This is definitely needed, one way or another. Alone to satisfy LSP: Both tuple types are the same at runtime and therefore interchangeable, so you need to be able to exploit this fact in your code. (Ideally that’s zero cost at runtime).

If I want to express:

val bob: Person = ("Bob", 33)
bob.zip(("Miller", "years"))

I would find it super annoying if I would need to clutter my code with noise “only to make the stupid compiler happy” and force it to do the obvious. Code like:

val x: Person = (name = "Bob", age = 33)
bob.zip(name = "Miller", age = "years")

or

val x: Person = ("Bob", 33).named
bob.zip(("Miller", "years").named)

includes noise for no reason.

That’s not what I expect from Scala!

Being explicit for the sake of being explicit is the most terrible part of a language like Java.

The compiler and the type system aren’t helpful, they stand in the way!

And no, that has nothing to do with “safety”. If I want to be “safe” I would never use underspecified types like Ints or Strings, and I would likely not use tuples (named or unnamed) at all. Because that’s not what tuples are good for.

MateuszKowalewski · December 6, 2023, 5:44am

A completely unrelated idea (thinking out loud):

What would be if there wouldn’t be any “named tuples” at all, but we would have some syntax shortcuts to define “new types”, and also list the type params of a tuple at the value level in some convenient way so we could have named “selectors” on tuples?

type Person = ([Name = String], [Age = Int]) // or something like that…

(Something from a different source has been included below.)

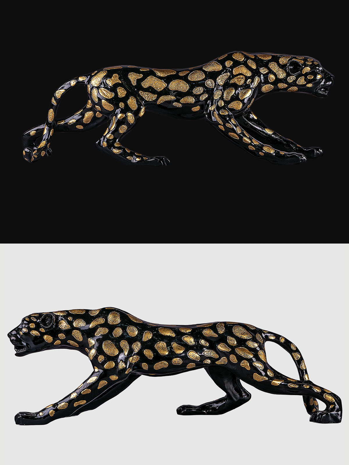 Escultura de jaguar  “Aurum Cheeta” perteneciente a la Línea Aurum, un tributo al jaguar como animal de poder ancestral, guardián de la noche y símbolo absoluto de fuerza, dominio y energía vital. Esta obra encarna la dualidad sagrada entre el negro profundo de la noche, asociado al misterio, la protección y lo invisible, y el dorado del sol, emblema de poder, abundancia y trascendencia.

Imagine the named type parameters would also automatically introduce “new type wrappers” (and some magic for named “selectors”).

You could also import (through some compiler provided magic) implicit conversions that could “lift” plain values into the “new type wrappers”—and for compatibility in the other direction the opaque “new type” would be a subtyp of the wrapped type.

Depending on whether you have an import like

import Person.given.implicitFieldWrapperConstructors // The name could be better…

in scope code that tries to assign ("Bob", 33) to something typed as Person would work, or would fail.

In case the implicit conversion is imported you could write:

val bob: Person = ("Bob", 33)
// or
val bob = ("Bob", 33): Person

Otherwise you would need to be explicit and use the compiler generated “new type” constructors:

val bob: Person = (Name("Bob"), Age(33))
// or even just:
val bob = (Name("Bob"), Age(33))

There is nothing to argue regarding subtyping, as there would be only “normal tuples”. Just that you could make them more expressive by using very specific types for the fields, which the compiler could mostly generate for you.

What would be missing is a way to get at the “field names” in user code. As there are actually no field names at all you need to have some way to get the types, and lower them to the value level (for example as singleton String types, for which some further type level machinery already exists). Something like that would also need to happen when you use “selectors” on the tuple.

The problem: Everything mentioned sounds very magic to me… Not sure this makes any sense at all…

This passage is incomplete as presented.